Am Ende der ersten Monatshälfte ging das tapfere Ringen der Besatzung von Budapest seinem tragischen Abschluss entgegen. Nun, wo es längst zu spät war, erhielt sie von Hitler den Befehl zum Ausbruch, eine der zahlreichen Tragödien des Ausharrens in sogenannten „Festungen“ und Kesseln, wie sie seit Stalingrad so oft von Hitler gegen den Rat seinen militärischen Sachverständigen befohlen wurden und meist schwere Opfer gekostet hatten. In Div.Abschnitt traf man überall Vorbereitungen für die Aufnahme der „Rückkehrer“ mit Verpflegungslagern, Wegweisern zu Sammelplätzen und Verbandsplätzen.

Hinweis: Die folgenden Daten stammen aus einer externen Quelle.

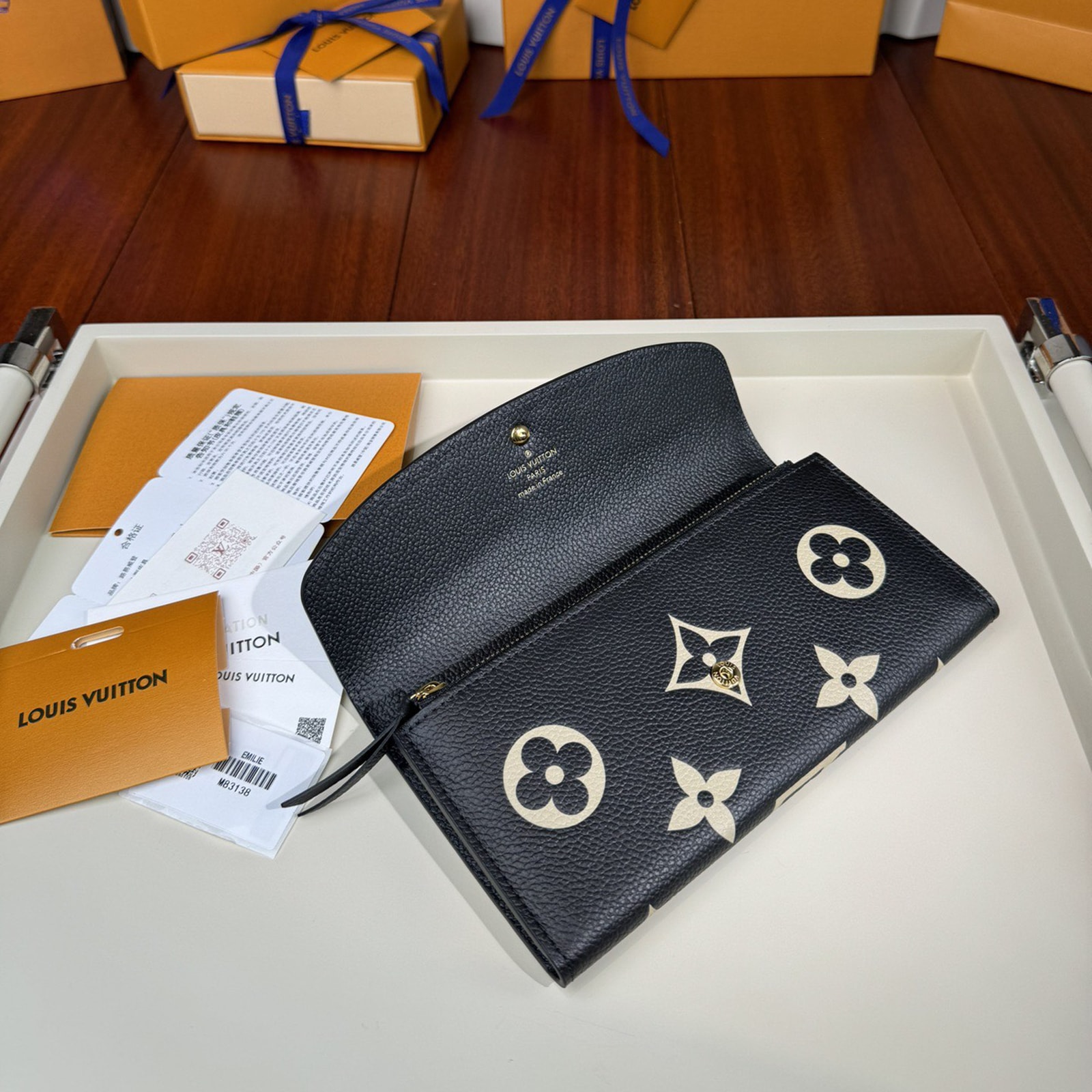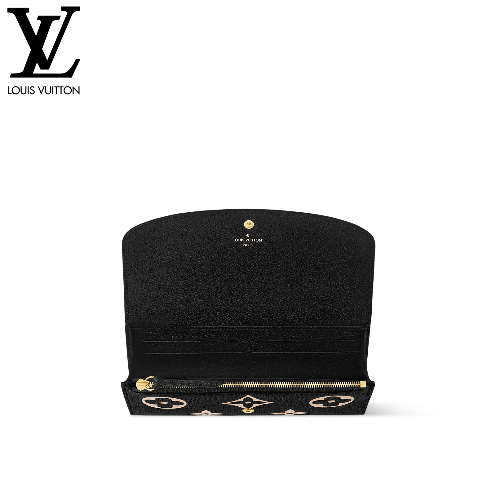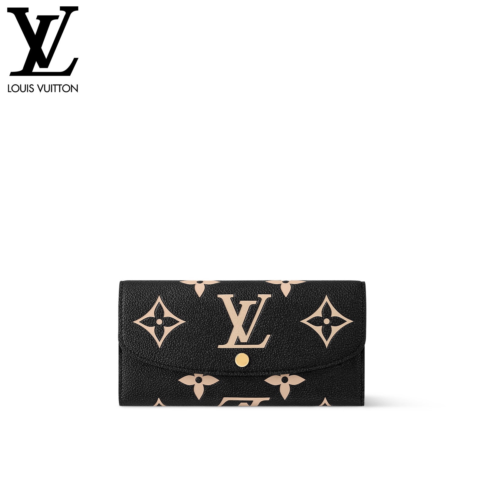 グレイン(しぼ)が美しいモノグラム・アンプラント レザーで仕立てた、スリムでエレガントなデザインの「ポルトフォイユ・エミリー」。財布としてもクラッチとしてもご使用いただけます。ブラックのレザーに目を引くオーバーサイズのクラシカルなモノグラム・パターンをエンボス加工し、さらにベージュでプリント加工を施しました。ファスナー付きコインポケットを備えた収納力も魅力。

Die Füsiliere unter Major Pipo, aus der bisherigen Stellung herausgezogen, beteiligten sich an einem Angriff der rechts anschließenden 3.Kavallerie-Brigabe unter Oberst v.d.Groeben. Unter Einsatz von 9 Panzern und Nebelwerfern versuchen sie Szomor zu nehmen, doch der Russe war auf der Hut, der Angriff blieb gegen Abend liegen, Verluste waren besonders durch S. und T. Minen eingetreten. Von der Budapester Besatzung gelang nur kleinen Teilen der Durchbruch, die Masse, soweit nicht gefallen, kam in russische Gefangenschaft.